(Beginning of Supplied entries)

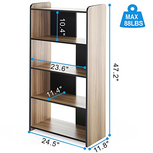 12mm brown oak each shelf can support 44lbs.
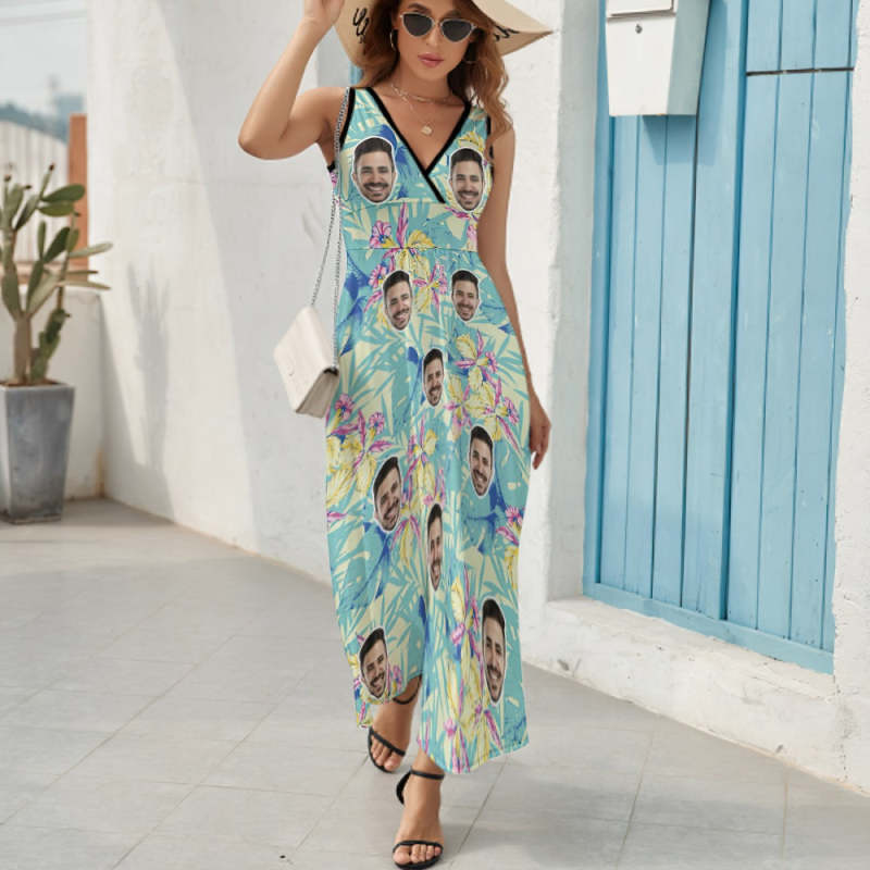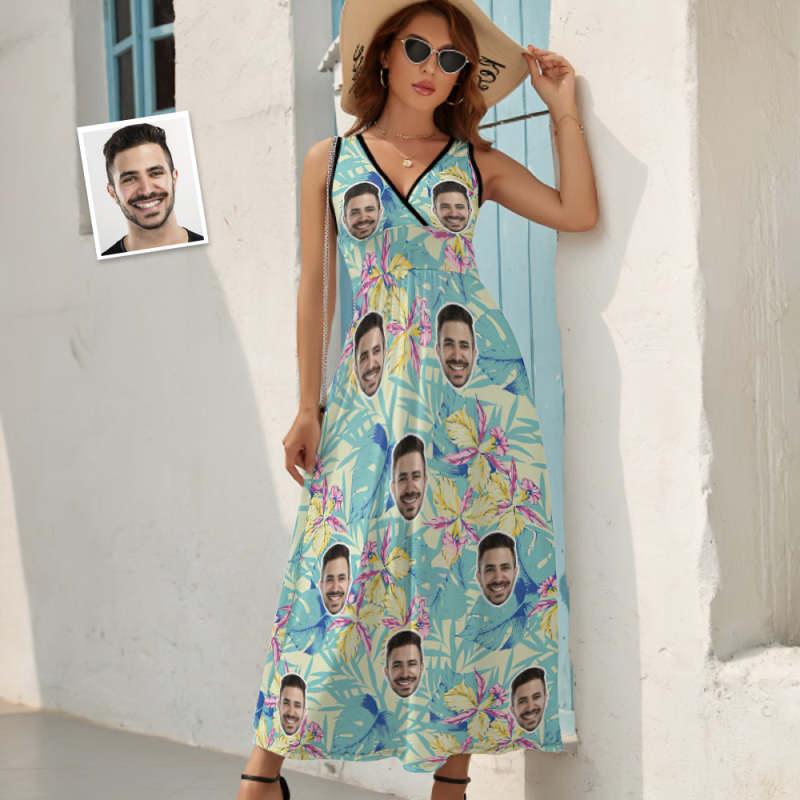 Custom Face Dress Vibrant Hawaiian Blossoms Gift for Her
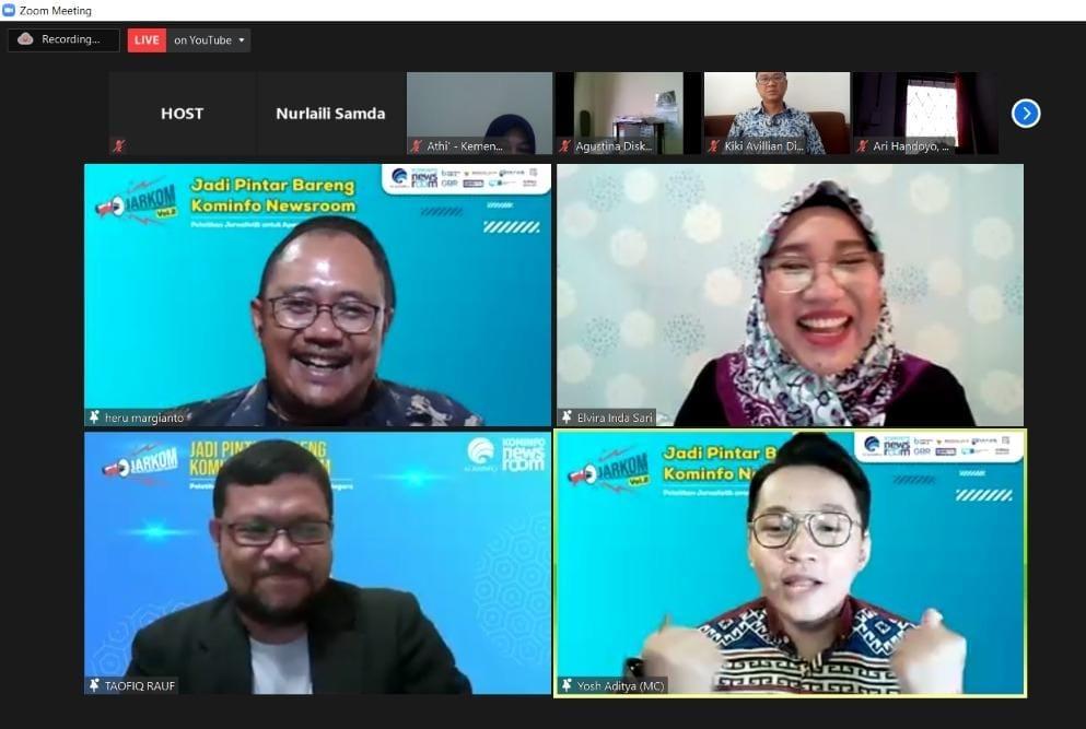 GANLOP.COM – Dalam rangka meningkatkan kualitas penyebaran informasi mengenai kebijakan, penyelenggaraan tugas pemerintahan dan pembangunan kepada masyarakat di seluruh Indonesia, Kementerian Komunikasi dan Informasi (Kemkominfo) selaku pengampu tugas dan fungsi sebagai Government Public Relation (GPR), melalui Direktorat Jenderal Informasi dan Komunikasi Publik Kemkominfo, kembali menggelar program JARKOM (Jadi Pintar Bareng Kominfo Newsroom) volume 2, dari tanggal 16-20 November 2020.
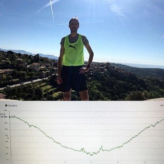 Så efter lite inledande jobb, tog jag mig till närliggande bergen utanför Nice och gav mig ut i härlig försommarvärme på ett 34 km pass, där jag körde 15 km i riktigt bra tempo bara utför.....58 minuter på utförslöpningen och sen tog det 10 minuter längre på uppförlöpningen tillbaks. På kvällen hade jag tänkt jobba på med träningsprogramjobb som jag ständigt ligger efter med....men passet tog så hårt att det inte blev mycket gjort..... 11 timmar senare upprepade jag passet, men nu i lugnare fart och inga extrakilometrar innan och efter och inga "extra" höjdmeter...för benen var precis lagom slitna.
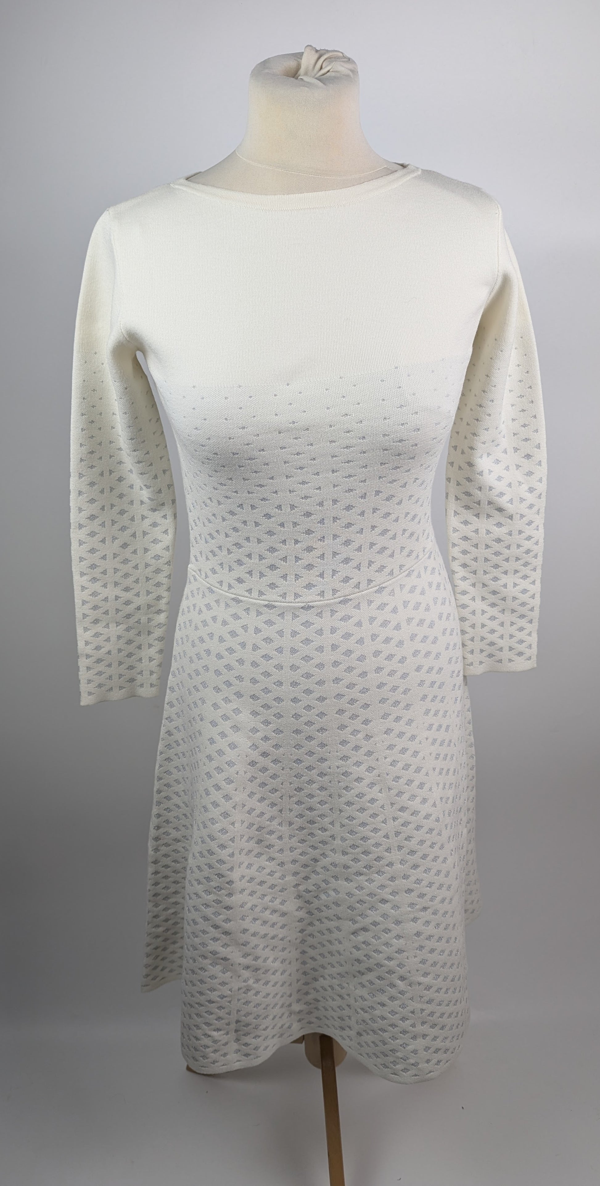 Crafted from premium knit fabric, this BOSS dress combines refined tailoring with everyday wearability. The pullover silhouette features long sleeves and sophisticated silver detailing that elevates the classic white base. Engineered for both structure and comfort, the quality construction ensures this piece transitions seamlessly across your wardrobe.
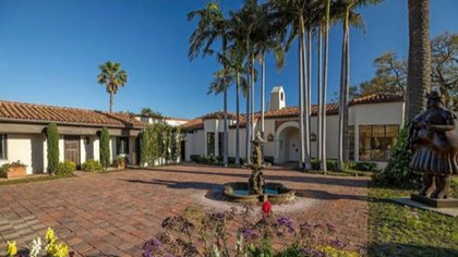 La casa fue construida en 1934 y fue renovada con el paso del tiempo. En la entrada se puede ver un camino enlosado hasta llegar al ingreso, en el que se destaca una enorme fuente de piedra entre palmeras. La residencia principal -tiene otras dos para huéspedes independientes- tiene más de 800 metros cuadrados y dispone de cuatro dormitorios en suite, ocho baños y siete chimeneas. Un comedor con una fuente, techo abovedado y tragaluces inmensos que iluminan la estancia con luz natural. Una biblioteca alfombrada, con vigas en el techo y con una sala contigua para los trofeos. Además, cuenta con una fantástica sala de cine.
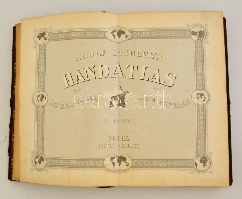 Stieler's Handatlas über alle Theile der Erde un über das Weltgebäude. Gotha, 1881, Justus Perthes. Sérült félbőr kötésben, jó állapotban. Teljes! / In worn out half leather binding, otherwise in good condition. Complete!
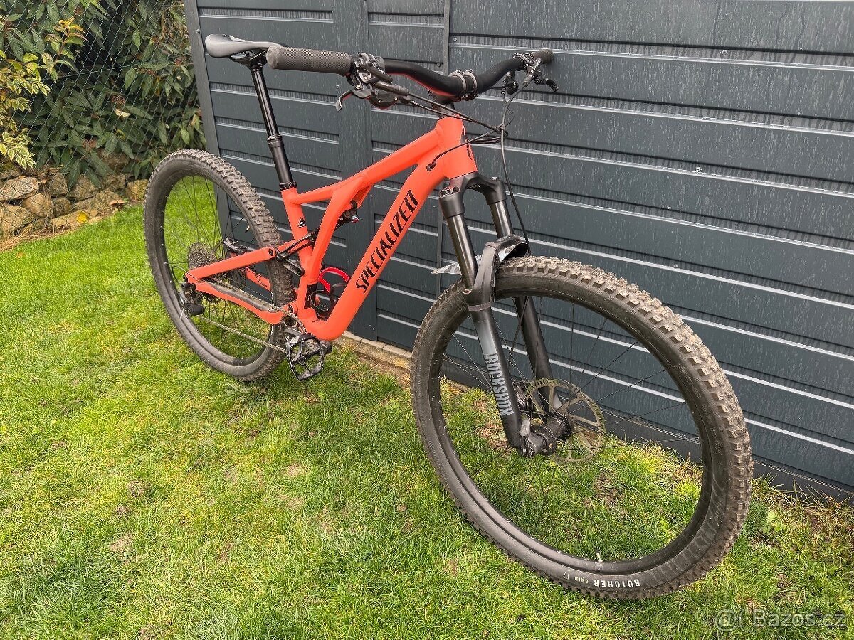 Prodam krasne celoodpruzene horske kolo Specialized Stumpjumper Alloy 29”, velikost S3 (165-180cm), jako nove, temer nepouzivane. Predni vidlice RockShox 35 Silver, Solo Air, 44mm offset, rebound adjust, TurnKey lockout, 15x110mm Boost™ Maxle® Lite thru-axle, 140mm of travel Zadni tlumic X-Fusion 02 Pro RL, Rx Trail Tune, rebound adjust, lockout S1:190x42.5mm, S2-S6: 190x45mm Brzdy Shimano XT predni kotouc 200mm zadni 180mm Kola 29” Páčky řazení SRAM SX Eagle, trigger, 12-speed Přehazovačka SRAM SX Eagle, 12-speed Kazeta SRAM PG-1210 Eagle, 11-50t Řetěz SRAM SX Eagle, 12-speed Kliky SRAM SX Eagle, S1:165mm, S2-S5: 170mm, S6: 175mm Převodníky 30T Středové složení SRAM Powerspline TranzX dropper, 34.9mm, S3: 150mm
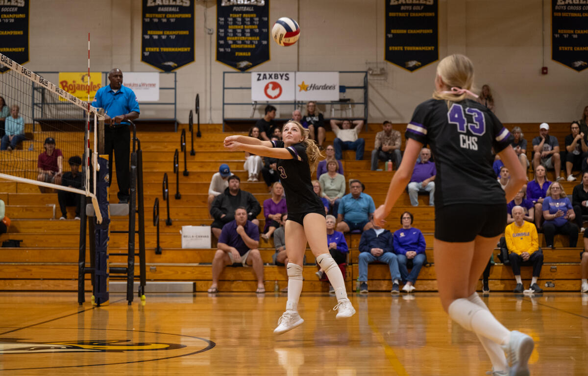 The first set was back and forth, as both teams were fired up for a shot at the district championship. CHS was able to edge out a 25-20 set win to take the first. Clarksville High then dominated set two, winning 25-11, and carried that momentum all the way to the third set, winning 25-15.

(End of Supplied entries)

Problem description:
What should be set down is every line from the opening of the records through the line that contains "Custom Face Dress", exactly, with pictures left out.

Response:
 12mm brown oak each shelf can support 44lbs.
 Custom Face Dress Vibrant Hawaiian Blossoms Gift for Her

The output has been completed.